Action item =
Only an exact copy of the lines from the one containing "可愛いウィンドウチェックチェ" through the last line of the material below belongs in the answer, with no pictures.
****************************************
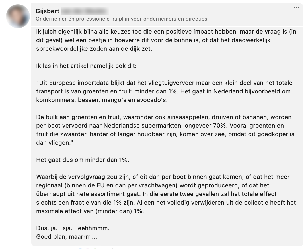 Vergeet niet de enorme hoeveelheid gas die we verstoken in sommige kassen. Het is niet zo simpel als “per vliegtuig vervoerd dus slecht”. De vraag is hoe krijgen we inzicht in de totale energie en CO2 productie die een product gekost heeft. En we gooien zelf zo’n 30% weg.
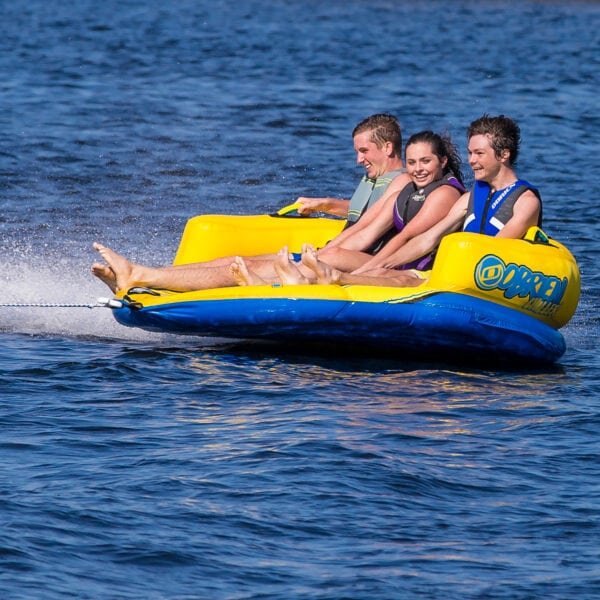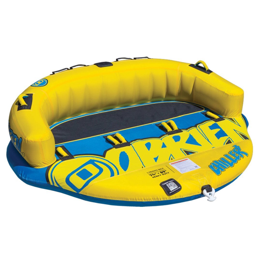 Chiller 3 ProLow Series Enjoy the thrill of being low to the water while chillin’ in a seated position on the O’Brien Chiller 3. This LowPro tube is a super fun choice for up to three riders. Its ultra-thin deck keeps the ride more exciting while making it easier to climb on from the water. So whether you like to chill or love a thrill, you can’t go wrong with the O’Brien Chiller. This OÌBrien towable boat tube has a capacity of 3 people. ONE YEAR LIMITED WARRANTY USE TENSILE STRENGTH TOW ROPE OF 3350 lbs | ||||||||||||||||||
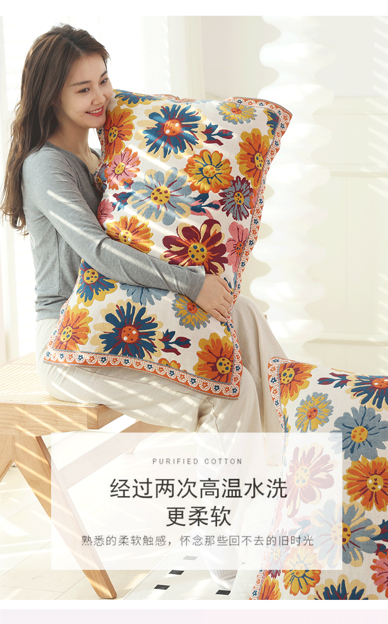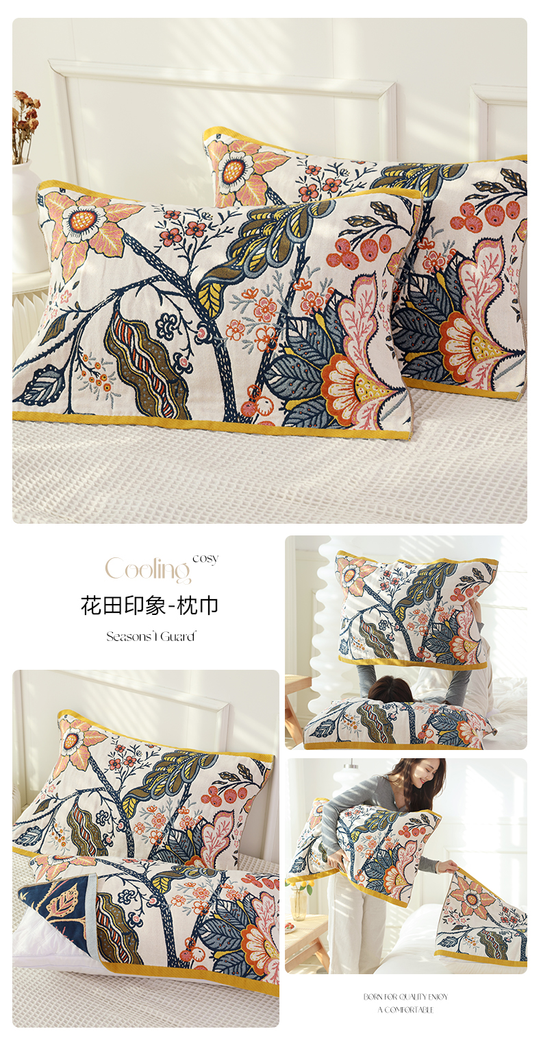 • 91家纺网 家纺一手货源 找家纺 朴尔家纺-毛巾被 2026新款彩棉国潮风全棉纯棉六层纱布枕巾 花田印象-枕巾 52x78cm枕巾一对
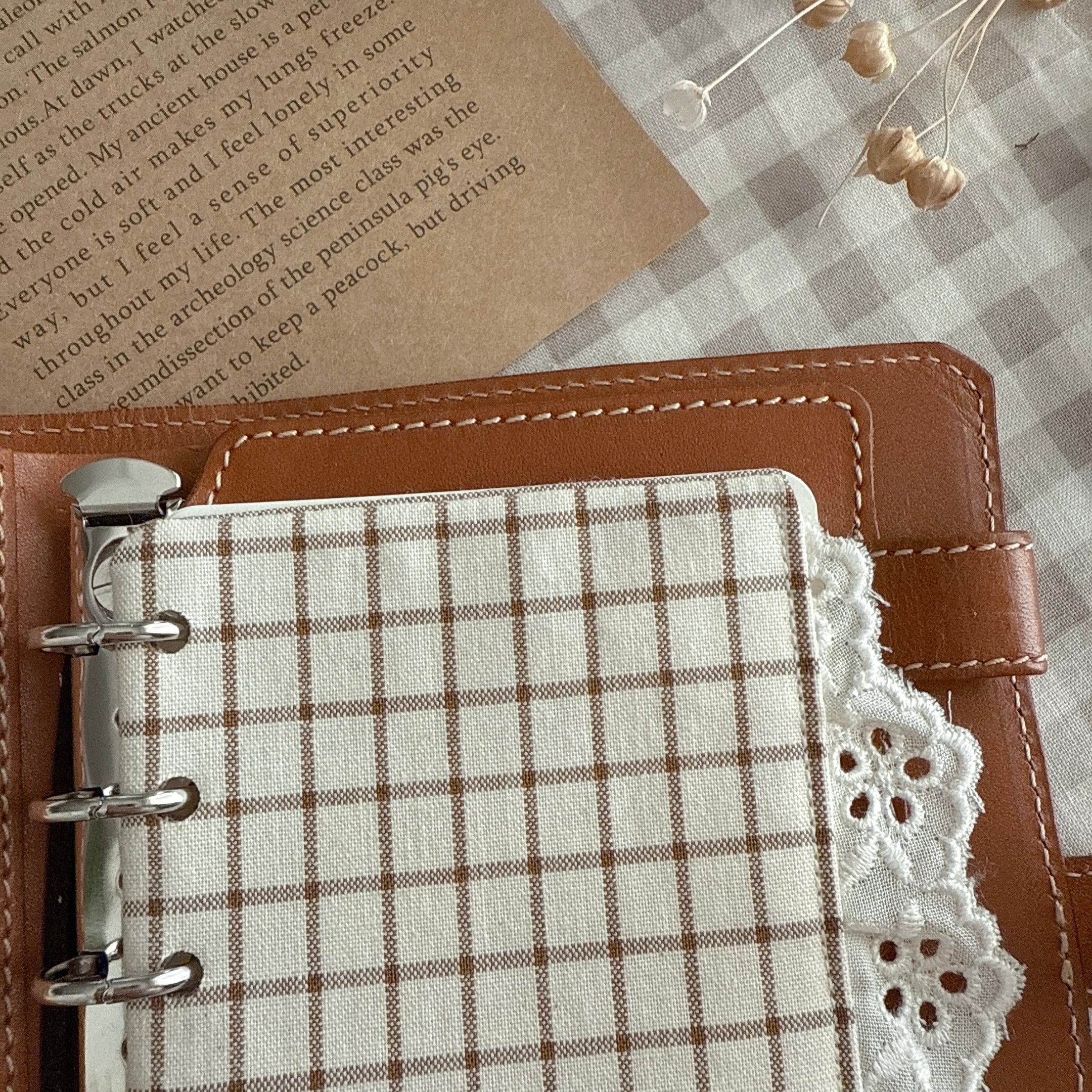 可愛いウィンドウチェックチェックとレースを合わせて、手帳に挟むポケットリフィルです(*^^*)
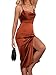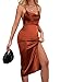 Style Features: The wedding guest dress has the characteristics of backless, adjustable strap, side split, thigh wrap hem, cowl neck, solid color, ruched and bodycon. The adjustable strap bodycon dress is designed to create a fashionable and sexy perfect figure. The women's novelty dresses can make you look slim and set your figure curve better.
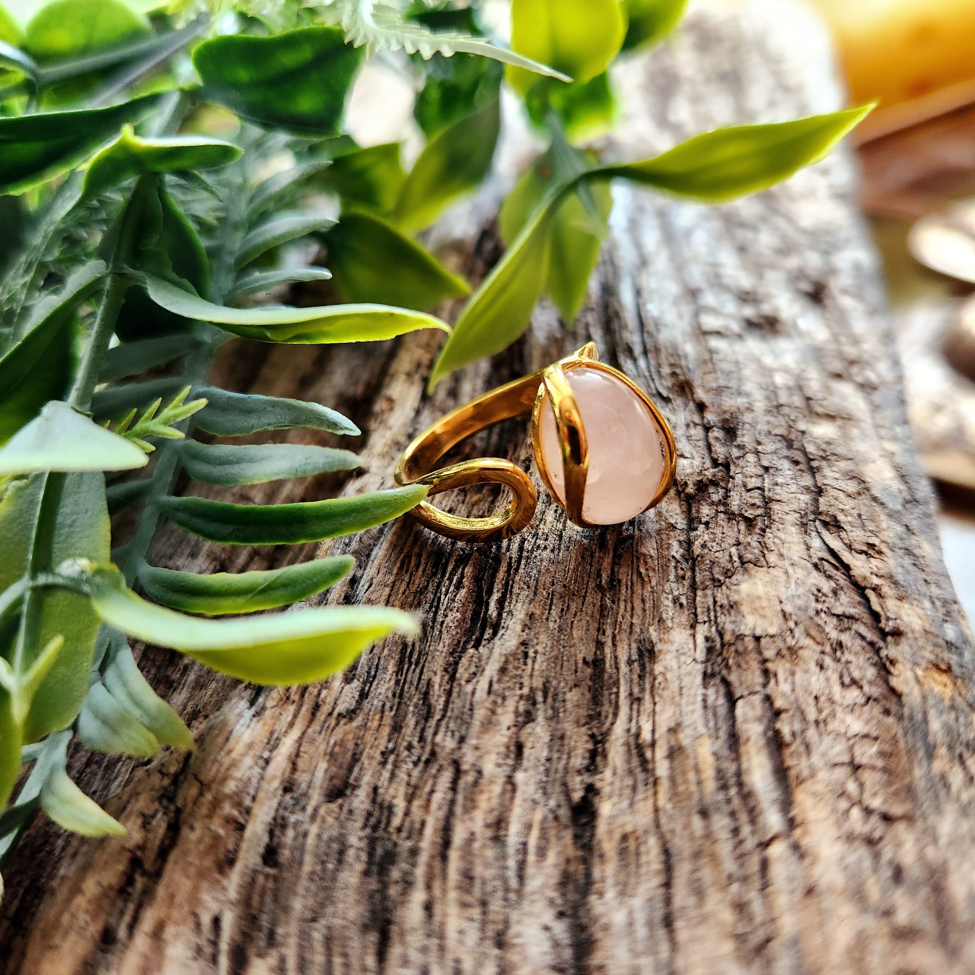 Bague réglable "Dorée" - Quartz rose - Argent plaqué or 925
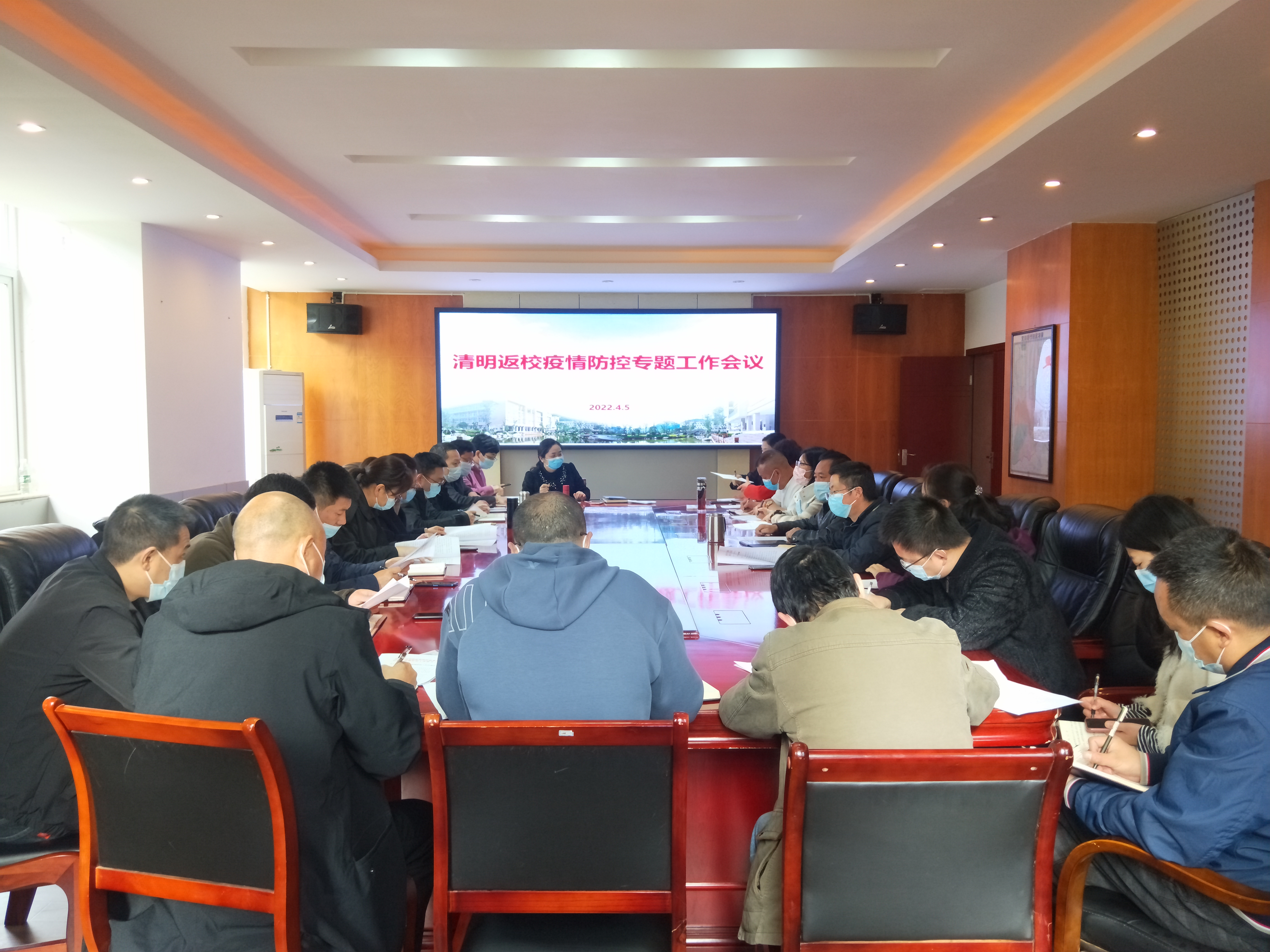 【本网讯】为持续做好我校疫情防控工作,有效控制和降低疫情传播风险,保障全校师生及各类人员的身体健康和生命安全,4月5日上午,清明返校疫情防控专题工作会议在行政楼402会议室召开。各二级学院党委(党总支)书记、党政办公室、宣传统战部、学工部、人事处、后勤基建处、保卫处、资产经营公司、教务处负责人参加了本次会议,会议由党委常委、副校长甲任主持。
****************************************
Result of this exercise =
 可愛いウィンドウチェックチェックとレースを合わせて、手帳に挟むポケットリフィルです(*^^*)
 Style Features: The wedding guest dress has the characteristics of backless, adjustable strap, side split, thigh wrap hem, cowl neck, solid color, ruched and bodycon. The adjustable strap bodycon dress is designed to create a fashionable and sexy perfect figure. The women's novelty dresses can make you look slim and set your figure curve better.
 Bague réglable "Dorée" - Quartz rose - Argent plaqué or 925
 【本网讯】为持续做好我校疫情防控工作,有效控制和降低疫情传播风险,保障全校师生及各类人员的身体健康和生命安全,4月5日上午,清明返校疫情防控专题工作会议在行政楼402会议室召开。各二级学院党委(党总支)书记、党政办公室、宣传统战部、学工部、人事处、后勤基建处、保卫处、资产经营公司、教务处负责人参加了本次会议,会议由党委常委、副校长甲任主持。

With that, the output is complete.